The multihyphenate and Audie Award–winning Julia Whelan once again pulls double duty as writer and performer, this time with her sophomore novel, Thank You for Listening. Whelan opens up about the meta experience of recording this rom-com with an audiobook narrator as the heroine, trusting her instincts as a writer, and the tea sommelier career that almost robbed us listeners of some iconic performances.

Audible: Thank You for Listening is a very meta experience! Did the lines blur at all between fact and fiction as you were writing?

Julia Whelan: I consciously kept any personal facts out of the book because I had a hunch most people would probably assume it was autofiction, so I was trying to minimize direct parallels. But in order to properly expose readers to the world of audiobooks, I had to include certain experiences that are universal to all narrators: the fun parts of the job, the stressful parts, the plain ol’ weirdness of it sometimes.
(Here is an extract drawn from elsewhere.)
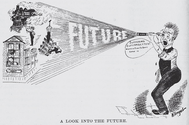 В апреле 1913 г. в одном из североамериканских железнодорожных журналов была помещена карикатура «Взгляд в будущее» (англ. «A Look into the Future»)[2], на которой работник железной дороги тревожно всматривался в волшебную подзорную трубу. Его беспокойство вызывалось открывшейся картиной: в недалеком будущем станционными агентами, сигналистами, стрелочниками и даже машинистами локомотивов стали женщины. «Куда нам идти?» – вопрошал работник, видимо, от имени всех коллег – мужчин. Безусловно, автор карикатуры гиперболизировал будущее американских железных дорог, заострив внимание читающей публики на злободневной «женской теме». И тем не менее сам факт появления подобного рисунка свидетельствовал не только и не столько об американской, сколько об общемировой тенденции постепенной интеграции женщин в сферу профессиональной железнодорожной деятельности на протяжении «долгого XIX века»[3] – в сферу, традиционно считавшуюся мужской.
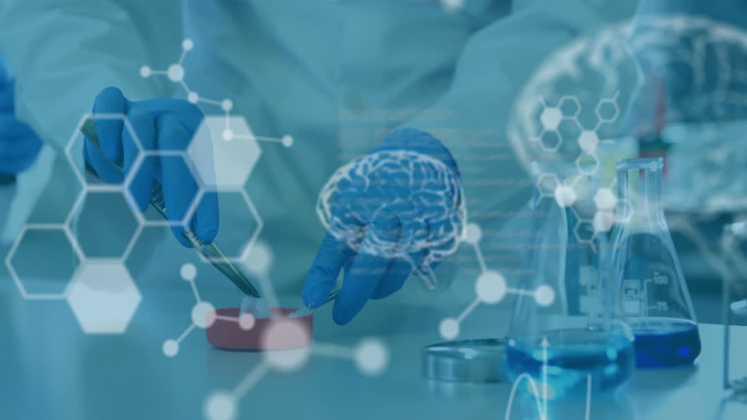 The scientist wearing blue gloves is interacting with research materials in a laboratory setting, including a petri dish, under a digital overlay featuring molecular structures and brain graphics, illustrating the integration of technology and research. This can be used in biotechnology articles, scientific presentations, and educational materials highlighting advancements in scientific fields and data processing.

That said, I don’t think I realized just how meta the novel is until I was recording it. For instance, narrating a recording scene in which I was playing my two main characters who were playing two other characters while talking about what it’s like to record a scene ... that was a joyful, Ouroboros fever dream.

As both the author and the narrator of the novel, did you find yourself editing your work once it was time to perform?
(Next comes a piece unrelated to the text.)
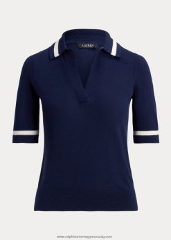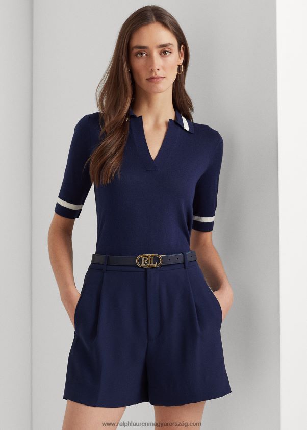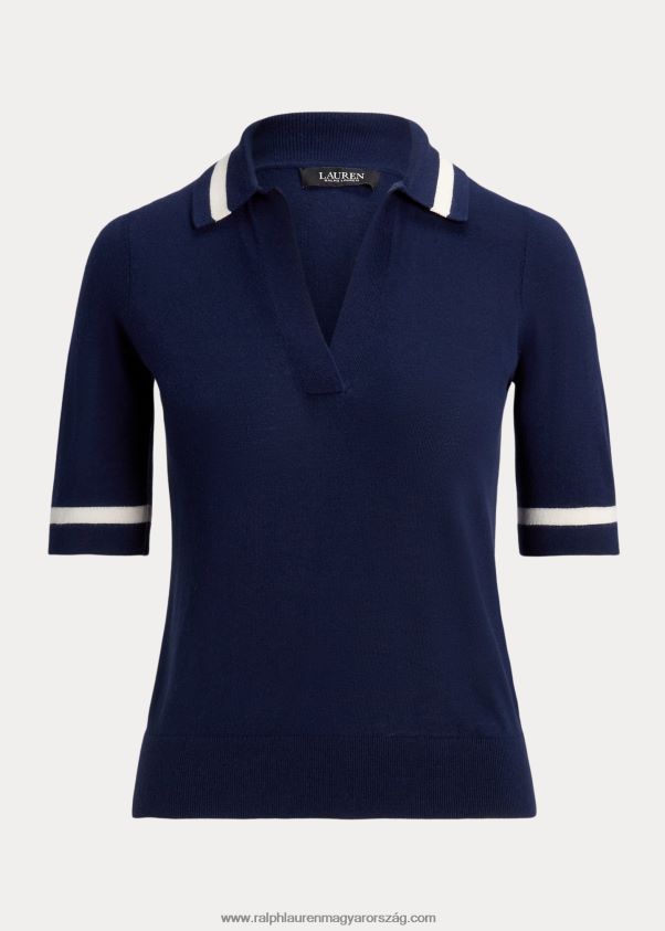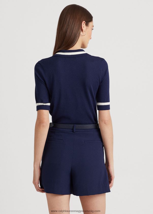 selyemkeverék rövid ujjú pulóver 2680484395 nők Ralph Lauren kifinomult haditengerészet

I had that experience very keenly while recording my first novel, My Oxford Year. The impulse to edit had less to do, I know now, with perfectionism, and more to do with debut-author imposter syndrome rearing its ugly head. But with this one, I read it aloud at every editorial stage so that I could hopefully avoid that experience the second time around. And it worked! Thank You For Listening was a pleasure to perform. The challenge was figuring out how to adapt some tricky textual components for the listener (e.g., text and email exchanges, the hero’s “narrator” voice, etc.). I’d considered it all abstractly beforehand, but I couldn’t really know the best approach until I was in the flow of the story, performing it, putting myself in the listener’s place.
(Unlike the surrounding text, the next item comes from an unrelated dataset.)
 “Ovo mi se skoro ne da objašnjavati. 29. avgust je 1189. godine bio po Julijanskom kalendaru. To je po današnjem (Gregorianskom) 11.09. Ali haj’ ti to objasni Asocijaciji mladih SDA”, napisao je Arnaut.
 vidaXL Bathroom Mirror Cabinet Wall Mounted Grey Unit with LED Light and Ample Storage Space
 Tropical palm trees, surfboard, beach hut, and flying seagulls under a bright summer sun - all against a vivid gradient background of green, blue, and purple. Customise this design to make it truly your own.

“In order to properly expose readers to the world of audiobooks, I had to include certain experiences that are universal to all narrators: the fun parts of the job, the stressful parts, the plain ol’ weirdness of it sometimes.”

As a beloved rom-com narrator and author, we need to know: What’s your favorite romance trope?

Is all of them a viable answer? No? OK, then I’m a particular sucker for “kissing lessons.” You know: a bluestocking suddenly finds herself needing to seduce a wealthy duke, but she doesn’t know how, you see, so she asks some rakish marquis with his own ulterior motive to teach her the art of seduction. A classic. Sign me up.

On a recent episode of Audicted, you mentioned that you’re a tea sommelier. What does that entail?

It simply means I’m certified to do with tea what wine sommeliers do with wine. In my training, I learned about different varietals, their origins, cultivations, how best to prepare—and even pair—them. Before my audiobook career took off, I was starting a business creating tea menus for restaurants and teaching the staff how to best steep and serve each tea (something we’re woefully bad at in this country). But I couldn’t narrate and write and act and run a business. So now it’s just a thing I enjoy that I used to know too much about.

You also shared that you pair a tea with each audiobook that you’re working on. What tea did you pair with Thank You for Listening?

At the time of recording, I was in the process of creating a specific tea blend to represent the book, for promotional purposes. (I did this for My Oxford Year too: a strong English Afternoon Black with notes of Irish Cream and chocolate that I named Staircase 8). This one is a riff on the main character’s signature cocktail, “The Last Word.” So while I was recording, I was sipping on different experiments, trying to lock in the right combination. Which actually worked with the structure of the book: a different attempt for each section. By the time I was done recording, I’d figured out the formula.